И вот мы, два десятка второклассников, выстроились в вестибюле в одну шеренгу и стоим перед другими классами. У каждого на вытянутых руках – галстук.
Раздаются барабанная дробь, звуки горнов, и из кабинета заведующего выходит знаменная группа, строевым шагом проходит мимо нашей шеренги и останавливается со знаменем пионерской дружины посреди вестибюля.

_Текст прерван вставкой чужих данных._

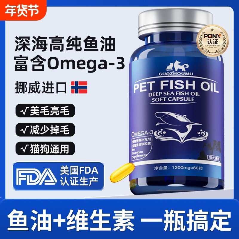 深海鱼油猫咪狗狗专用宠物深海软胶囊猫用美毛犬用三文鱼鱼肝油

– Слово предоставляется… – громким праздничным голосом возглашает наша Валентина Федоровна. (Она, как всегда, с нами. Рядом. Но выглядит необычно. На ней гимнастерка с погонами старшего лейтенанта, медали и орден Красной Звезды.) – Слово предоставляется пионеру 20-х годов, ветерану войны товарищу Майскому.
Строй напряженно замер: кто это такой?
Вперед выходит Иосиф Абрамович и, приветствуя нас, говорит какие-то важные слова. На его пиджаке блестит несколько медалей. Оказывается, у него фамилия Майский, и он фронтовик. А я не знал…
Рядом со знаменем встает четвероклассница Зина Гузун. Она председатель совета дружины. Главная пионерка. Очень красивая. Светло-русые косы заплетены корзинкой и украшены белами пышными бантами. На ней – чёрный низ, белый верх – ослепительно белая блузка с тремя красными лычками на рукаве. Поверх блузки – яркий галстук, настоящий шелковый.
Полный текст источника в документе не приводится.